● Assignment
Print, exactly as they appear in the listing below, the lines from the line with "En 2029, 7 festivos" to the line with "金重まこと ★ 備前 緋襷", with both end lines kept.

● Records shown

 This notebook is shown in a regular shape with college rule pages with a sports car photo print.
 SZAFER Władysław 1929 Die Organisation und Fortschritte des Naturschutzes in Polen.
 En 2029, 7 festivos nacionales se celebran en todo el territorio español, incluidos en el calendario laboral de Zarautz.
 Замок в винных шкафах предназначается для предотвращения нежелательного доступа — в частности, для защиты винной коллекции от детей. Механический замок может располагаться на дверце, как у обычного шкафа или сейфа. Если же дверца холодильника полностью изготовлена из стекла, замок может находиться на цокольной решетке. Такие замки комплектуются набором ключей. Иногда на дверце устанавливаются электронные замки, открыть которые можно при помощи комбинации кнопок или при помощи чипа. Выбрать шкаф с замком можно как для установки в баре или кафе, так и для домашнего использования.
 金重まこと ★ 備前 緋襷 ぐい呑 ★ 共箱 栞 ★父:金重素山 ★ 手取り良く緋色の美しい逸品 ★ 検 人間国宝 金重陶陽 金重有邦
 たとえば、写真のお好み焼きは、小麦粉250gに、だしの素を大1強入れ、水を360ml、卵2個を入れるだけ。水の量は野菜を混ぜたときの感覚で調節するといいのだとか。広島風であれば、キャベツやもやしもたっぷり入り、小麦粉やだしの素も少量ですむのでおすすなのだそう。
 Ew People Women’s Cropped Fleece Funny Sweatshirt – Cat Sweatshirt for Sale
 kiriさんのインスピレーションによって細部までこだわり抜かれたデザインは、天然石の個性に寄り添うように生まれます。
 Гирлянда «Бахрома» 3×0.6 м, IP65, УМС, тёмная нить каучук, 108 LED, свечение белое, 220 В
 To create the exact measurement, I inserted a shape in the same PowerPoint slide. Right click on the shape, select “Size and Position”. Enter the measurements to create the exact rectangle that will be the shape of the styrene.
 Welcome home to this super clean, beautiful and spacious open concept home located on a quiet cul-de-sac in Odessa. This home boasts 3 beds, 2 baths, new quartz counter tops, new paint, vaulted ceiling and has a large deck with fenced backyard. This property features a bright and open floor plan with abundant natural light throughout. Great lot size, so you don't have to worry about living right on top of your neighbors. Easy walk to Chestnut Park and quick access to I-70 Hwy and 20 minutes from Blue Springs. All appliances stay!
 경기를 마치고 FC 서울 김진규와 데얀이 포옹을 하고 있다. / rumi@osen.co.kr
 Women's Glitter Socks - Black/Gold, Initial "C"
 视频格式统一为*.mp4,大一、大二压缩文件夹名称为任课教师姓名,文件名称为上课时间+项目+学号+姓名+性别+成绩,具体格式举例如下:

● Written solution
 En 2029, 7 festivos nacionales se celebran en todo el territorio español, incluidos en el calendario laboral de Zarautz.
 Замок в винных шкафах предназначается для предотвращения нежелательного доступа — в частности, для защиты винной коллекции от детей. Механический замок может располагаться на дверце, как у обычного шкафа или сейфа. Если же дверца холодильника полностью изготовлена из стекла, замок может находиться на цокольной решетке. Такие замки комплектуются набором ключей. Иногда на дверце устанавливаются электронные замки, открыть которые можно при помощи комбинации кнопок или при помощи чипа. Выбрать шкаф с замком можно как для установки в баре или кафе, так и для домашнего использования.
 金重まこと ★ 備前 緋襷 ぐい呑 ★ 共箱 栞 ★父:金重素山 ★ 手取り良く緋色の美しい逸品 ★ 検 人間国宝 金重陶陽 金重有邦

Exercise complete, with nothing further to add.